1. The implant performs some sort of public key crypto, but it says that the private key is zeroed out. As a result, we can likely ignore the public key crypto aspect here.
2. In contrast, the symmetric key crypto is what we're interested in. We know that the nonce is reused, and that the symmetric key is likely still in the memory dump.
3. From the given struct, we see that the implant is written in Rust. Furthermore, we see that the symmetric key crypto algorithm is `secretbox`. A quick google reveals that the key is 32 bytes and the nonce is 24 bytes.
4. We are given that the version string starts with `"Version: "`, which is in the struct. We can use this to find the symmetric key in the memory dump.
5. The notes mention `message.proto`, which likely means that the pcap likely uses protobufs to communicate.
### Memory dump
Based on the notes, we can be fairly certain that we can recover the symmetric key. To do this, we open up the memory dump in GHIDRA (as the memory dump is an ELF).
After GHIDRA finally loads the file, we go to **Search -> For Strings... -> Search** to obtain a list of strings in the memory dump. Then, we enter `Version: ` in the search bar, and find the string `Version: 0.13.37`.

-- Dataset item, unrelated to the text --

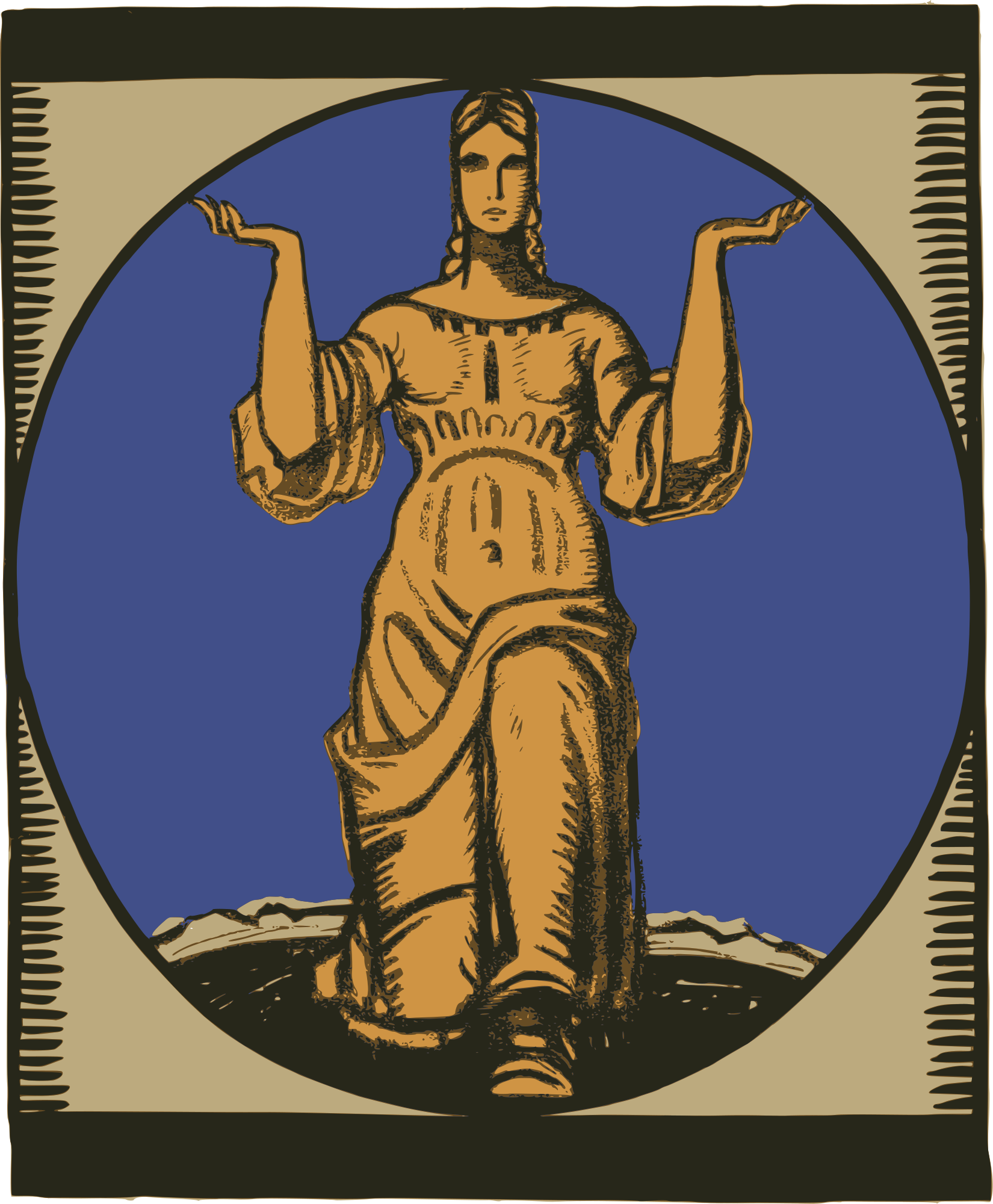 retro goddess holding up the world

More importantly, however, we notice that the version string is at the address `0x564be6144d80`. This time, we go to **Search -> Memory** and enter `564be6144d80` as our value.
There are two occurrences of the pointer here - I'm not exactly sure why, but both copies have the key and the nonce immediately after them in memory.
key: `6B4C397D6D9E3F5E20D0B33B594C57AC03E5A42CFD432B71D43F8772F3F23381`
nonce: `F228B1C1C5ED37509726BE5FF8A87D3A05258D0235013BF7`
### PCAP
By now, you're probably wondering why this challenge is hard, right? Everything seems pretty easy so far.
Well, here's where it starts.
Opening up the pcap, we're greeted with a bunch of SSL traffic. OK, great, we have the key and the nonce - we can just plug them into wireshark and have it decrypt it, right?
Well, maybe. But if you can, I don't know how. The only SSL trick I know is the secret log file, which our key and nonce clearly are not.
So, what do we do? It was at this moment that I made the mistake of trying to do the decryption by hand.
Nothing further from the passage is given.